Demise of hybrid cars in Norway shows how UK is falling behind in technological race

While Norway is buying a tiny number of new hybrid cars, in the UK they make up about a quarter of the market

Over the years, advances in science and technology have produced some decidedly strange creations as people got to grips with the new opportunities on offer. At the dawn of the Age of the Automobile in the late 1800s, the first cars were known as “horseless carriages” because that’s exactly what they looked like. They were a ‘hybrid’ technology which, while cutting edge for its time, was never going to last.

There were also some technological dead-ends. In 1888, Albert de Dion won a race that pitted his steam-powered tricycle against a steam-powered vehicle from Neuilly to Versailles near Paris. Entries for the 1894 race from Paris to Rouen – considered “the very first competitive motorsport event”, according to Goodwood Road & Racing – included a vehicle powered by “gravity”, one that used compressed air, another based on a “system of pendulums” and a fourth that was apparently moved “by the weight of the passengers”.

However, most used steam or petrol and eventually, as engineers worked out the best form of propulsion – the combustion engine – and the most aerodynamic shape, cars ended up looking more or less the same. But it took decades.

Hybrid cars an obvious stopgap

This is one of the reasons why it is important to remain at the forefront of new technology. Linger too long in the ways of the past and we may find ourselves living in an outdated backwater.

While hybrid vehicles look like ordinary cars, they are, in a way, just as odd as the horseless carriages of old. Instead of a petrol engine bolted onto a vehicle designed to be pulled by horses, they basically add an electric engine to a petrol-powered car. Even when they were first introduced, it seemed obvious they were a stop-gap solution until fully electric cars became mainstream.

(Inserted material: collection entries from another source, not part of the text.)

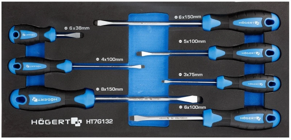 Zestaw wkrętaków płaskich 7 szt., wkład EVA HT7G132
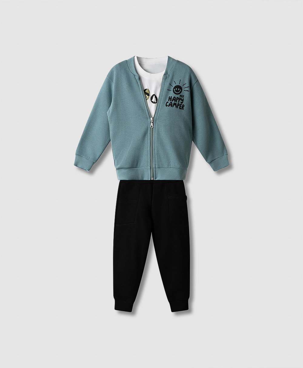 Nek kids wear εποχιακή φόρμα με μπλούζα με κοντό μανίκι, ζακέτα και παντελόνι πετρόλ 52426
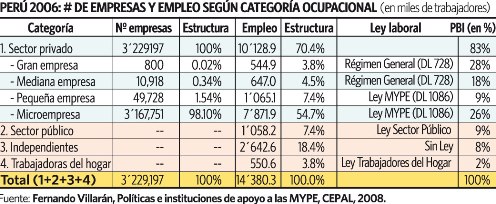 Esto lo demuestra el hecho siguiente: de los 530,000 empleos que se han creado en Lima en el periodo 2002-2009 según la Encuesta Permanente de Empleo (EPE) del INEI, 384,000 lo fueron en las empresas de más de 50 trabajadores, que se rigen por el DL 728. Solo 93,000 empleos se crearon en empresas de 11 a 50 trabajadores y 53,000 en empresas de 1 a 10 trabajadores, donde rige la Ley MYPE.

The focus of the electric car industry has been to bring down the price, increase the range and reduce charging times, and this has been starting to pay dividends. As well as the engines and batteries in the cars, there are also likely to be technological innovations to be made to improve the charging points, cabling and even road surfaces (there are already some that can charge cars as they drive along).

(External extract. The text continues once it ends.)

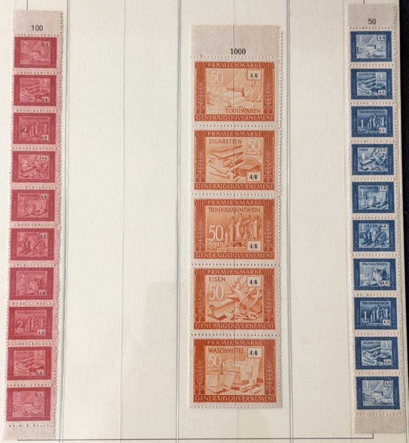POLAND Collection of (37) Prämienmarke ("reward stamps"); issued by the German Occupation authorities, these bonus stamps were given to laborers to encourage hard work, for which they would be rewarded with extra goods such as textiles, cigarettes, brandy, washing detergent, iron goods, leather and more; some in German, others bilingual, valued in points, different colors and designs; similar to postage stamps but w/o gum; attractive, VF (Image)
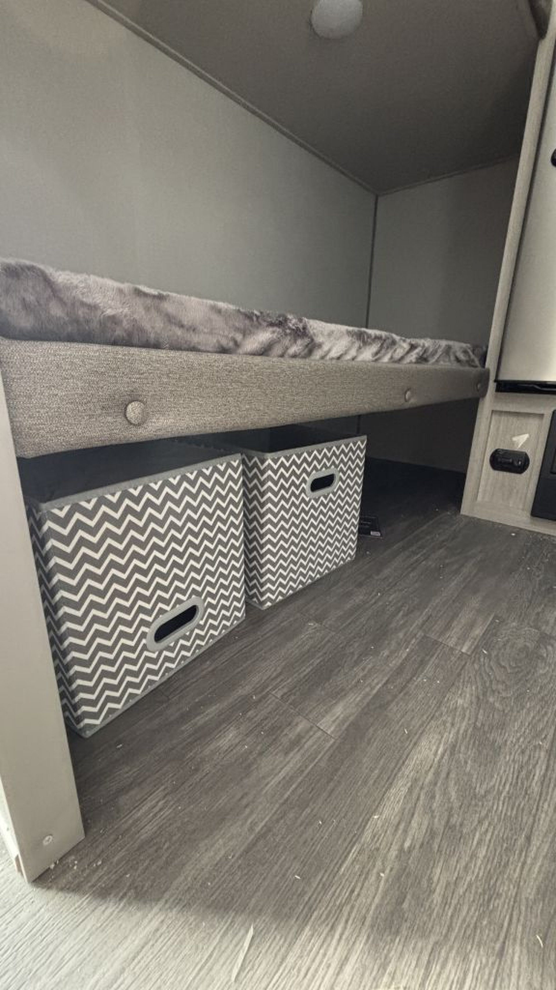 Despite its compact size, the Aurora 13BHX includes a fully enclosed rear corner bathroom complete with shower, toilet, and vanity sink. This self-contained setup allows campers to enjoy off-grid or provincial park camping without relying on shared facilities.

Countries that embrace electric cars first will be in a far better position to do this than those which do not. In January, I wrote about how electric vehicles have taken off in Norway. At that point EVs accounted for 89 per cent of new car sales there, compared to just 18 per cent in the UK.

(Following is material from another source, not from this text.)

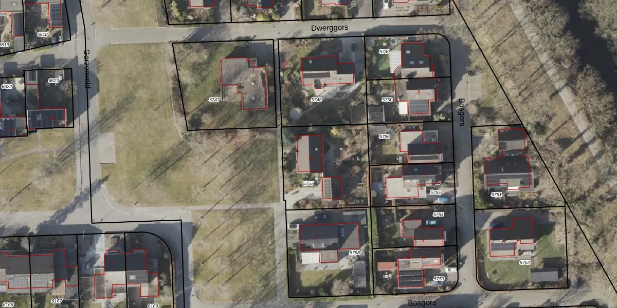 Het perceel waarop Bosgors 12 staat heeft een oppervlakte van 754 m². Dit is een groot perceel. De perceeloppervlakte wordt geregistreerd door het Kadaster. Gedetailleerde informatie over de maten van dit perceel kunt u vinden in het rapport Kadastrale kaart met maatvoering van Bosgors 12.
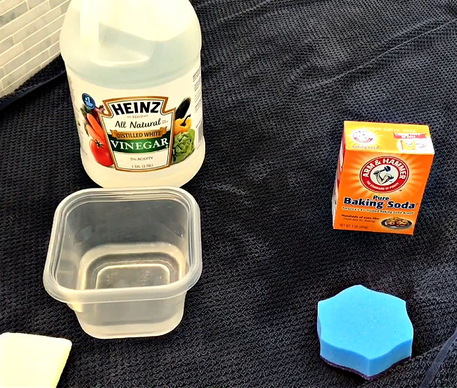 So, I use the vinegar first to breakdown and weaken those hard water stains. Then I follow it up with a baking soda scrub to remove any leftover spots.

The latest Norwegian figures show that EVs made up 97.2 per cent of all new passenger vehicles registered and delivered in July. While 9,291 vehicles were fully electric, just 161 hybrids of one kind or another were sold, along with 25 petrol and 86 diesel vehicles. In Norway, hybrids are almost dead.

In the UK in June, EVs accounted for just under a quarter of the market, hybrids a similar amount, with petrol and diesel cars representing just over half of new sales. This means that 75 per cent of the new cars sold in the UK are ones that Norway is busily consigning to history.

Net zero is an ‘economic necessity’

In a way, the hybrid sales are even more telling than the petrol ones as a sign of how far the UK is falling behind – not just clinging to the past but turning to a vehicle that is already outdated. Our future, Norway’s past.

According to a UK Government report published in February last year, “globally, growth in green technologies has been consistently higher than both brown technology (fossil fuels) and total growth across all technologies, seeing nearly 400 per cent growth between 2000 and 2020”. In other words, electricity, produced by renewables, and the machines that use it are where it’s at and where the UK needs to be.

Don’t believe me? Perhaps Louise Hellem, chief economist at the Confederation of British Industry, will persuade you. “In an age marked by global uncertainty and rising energy costs, the pursuit of net zero stands as both an economic necessity and a moral imperative. Greater energy security is paramount to improving the resilience and competitiveness of the economy, and embracing green technologies must be at the heart of the UK’s growth strategy,” she wrote in a forward to a recent report by CBI Economics and the Energy and Climate Intelligence Unit, called The Future is Green.

Echoing the government report, she added: “Our analysis has consistently shown that the net-zero economy is growing at a faster pace than the rest of the economy. This reflects growing investor confidence that adapting the economy to climate risk will secure huge competitive advantage through inward investment, export opportunities and mitigating volatility of high exposure to international energy markets.”

Culture war issue

Of course, cars are just one example of how well, or badly, the UK is doing in this new Industrial Revolution. There are a myriad of others. But if they are anything to go by, Norway is using its fossil fuel wealth to modernise its economy far more effectively than the UK is using ours.

Climate change appears to have become a ‘culture war’ issue in the UK. I only hope people who think it’s all a hoax or not something we need to be concerned about can separate such beliefs from the very real economic opportunities to be had.

Otherwise, when we turn on our ignitions, we may increasingly begin to hear the clippety-clop of horses’ hooves and chuff-chuffing of a steam-powered tricycle beneath the rumble of the engine as ghostly reminders of the past opportunities that were taken, not missed, return to haunt us.